From the records below, output exactly the lines running from the line containing "Дома-короба со встроенными" through the line containing "여러가지 방법이 있으나", and no others.
====== Data supplied ======
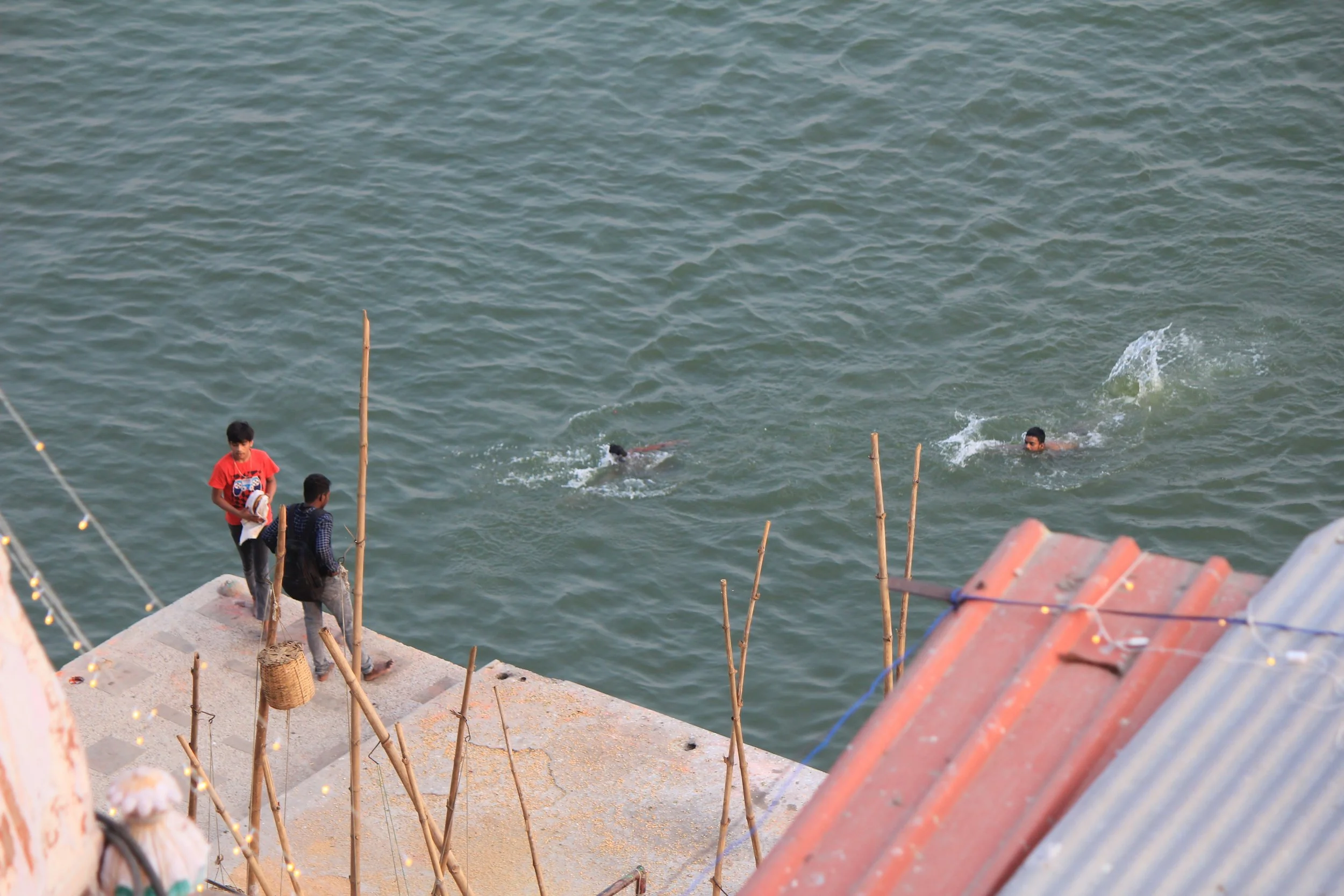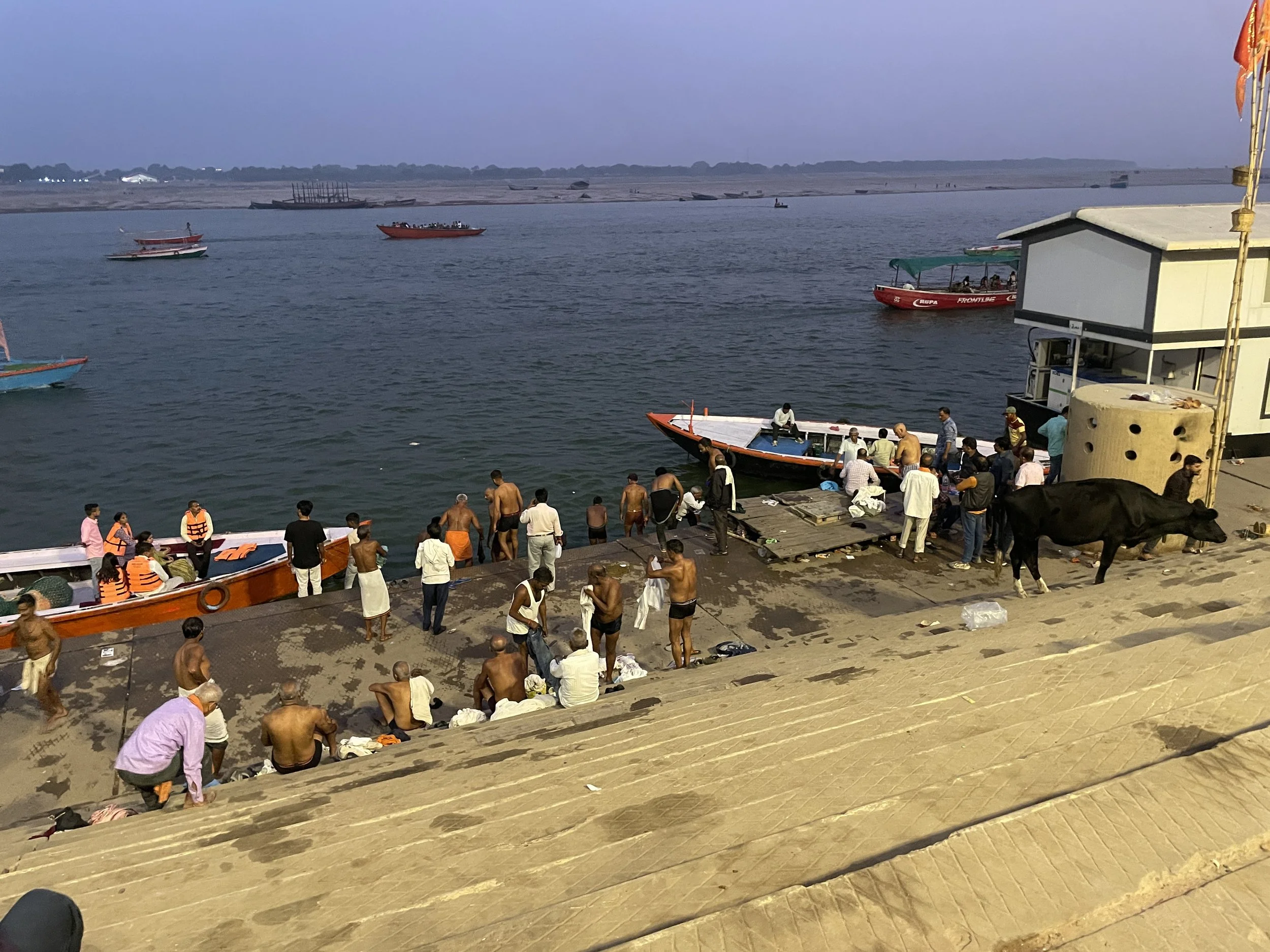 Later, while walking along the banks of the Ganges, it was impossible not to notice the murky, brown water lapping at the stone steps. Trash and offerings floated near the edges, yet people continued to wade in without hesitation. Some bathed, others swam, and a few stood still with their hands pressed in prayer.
======
====== Data supplied ======
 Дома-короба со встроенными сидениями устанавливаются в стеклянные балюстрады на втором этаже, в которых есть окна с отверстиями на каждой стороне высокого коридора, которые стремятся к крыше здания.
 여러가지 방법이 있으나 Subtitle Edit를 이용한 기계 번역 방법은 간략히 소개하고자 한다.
======
▶ _Solution_:
 Дома-короба со встроенными сидениями устанавливаются в стеклянные балюстрады на втором этаже, в которых есть окна с отверстиями на каждой стороне высокого коридора, которые стремятся к крыше здания.
 여러가지 방법이 있으나 Subtitle Edit를 이용한 기계 번역 방법은 간략히 소개하고자 한다.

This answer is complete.